In Network, Peter Finch as Howard Beale implored us to “go to your windows, open them and stick your head out and yell – ‘I’m as mad as hell and I’m not going to take this anymore!'”
What follows is the 21st century email equivalent…
To: Fastway Couriers, Sydney
Dear Sir or Madam,
Good morning. I would like to draw your attention to the valuable lesson I learned this morning about your service and those who provide it.
When leaving my home at 9.10am this morning to drive my ten year old son to school I was surprised to find a Fastway Courier van (registration number REDACTED) parked in my driveway. My first reaction was of slight excitement: “Oh joy,” I thought “I am having a parcel delivered to my home!” This however was not the case. There was no sign of the driver anywhere on my premises and my excitement at this possible delivery was fast becoming growing frustration at not being able to get out of my driveway and making my own dellivery – to whit getting my afore-mentioned son to his school.
Upon closer inspection of the Fastway Couriers van, I noticed the driver had left his Fastway Couriers ID badge hanging from his rearview mirror. The name on the badge, easily read through the windscreen, was “Nick”. When I went to have another look around my property once again to see if I could find “Nick”, “Nick” came jogging up the street from a neighbouring residence, resplendent in his Fastway Couriers shirt. I am unsure which residence he was making his delivery to, suffice it to say it was not mine so I was somewhat confused as to why my driveway was being used as a parking spot. Even more so when there was a perfectly good parking spot right next to it on the street.
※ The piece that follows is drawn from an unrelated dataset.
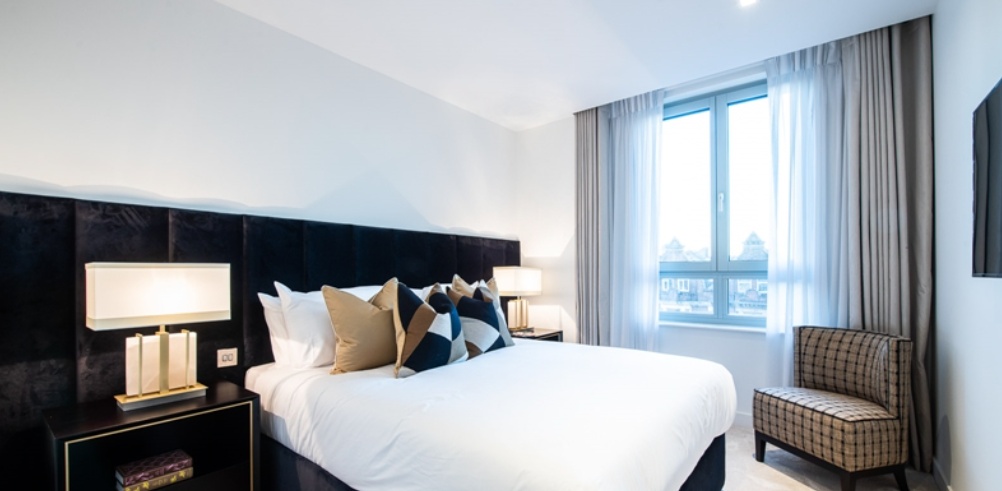 The apartment features a spacious open-plan reception room leading directly onto the balcony, creating a bright and versatile space ideal for both relaxation and entertaining. The fully integrated kitchen is finished with a composite stone worktop and premium Siemens and Miele appliances, including an oven, induction hob, large fridge freezer, dishwasher, and wine chiller.

As “Nick” jumped into his Fastway Courier van, I called out to him: “Excuse me mate! Can you not park in my driveway. I’m trying to get my son to school.”
“Nick” responded in a way that I felt I should share with you as he is a member of your company and as such I thought you might like to know what how he is representing you in public. His answer was, and please excuse the language but these are his words:
“Fuck you! I’m doing a fucking job!”
Charming! When I then pointed out that there was a perfectly good parking spot right next to my driveway, “Nick” countered with a hearty “Fuck off!” over the roar of the engine of his Fastway Courier van as he tore out of my driveway and up the street. I can see why “Nick” is driving and not working in your PR department.
What is most disappointing about this incident is not the inconvenience that “Nick” and his Fastway Couriers Van caused my son and I (Oh yes! He was late for school. Thanks for that.). What is most galling is the fact that “Nick”, the driver of the Fastway Courier van couldn’t care less about my inconvenience and in fact thought it unreasonable for me to point out:
a. That my driveway isn’t a parking spot and,
b. Maybe he should use the parking spot not three metres away.
I understand that “Nick” has a “fucking job” to do and that is time-specific. However, as a parent I also have a time specific job to do, especially on a school morning. I might have been happy to let it slide, but “Nick” didn’t even think that his inconveniencing of others was even worthy of an apology. It seems that for “Nick”, his convenience and that of Fastway Couriers is paramount over everybody else and anybody who questions this is open to abuse.
As such I am writing this email to you informing you of your driver’s conduct and also to let you know that I am going to conduct a little public relations experiment of my own. I am posting this to all my social media contacts (sans the rego number, of course) to let them know the kind of service they can expect if they use Fastway Couriers, and especially if they get “Nick” as their driver. I’m sure they will find it most reassuring that Fastway Couriers and “Nick” won’t let little things like common courtesy, good grace, or trespass laws stand in the way of having their packages delivered. And rest assured I’ve got quite a few friends online and they love sharing feel-good stories like this.
I hope this doesn’t inconvenience you too much.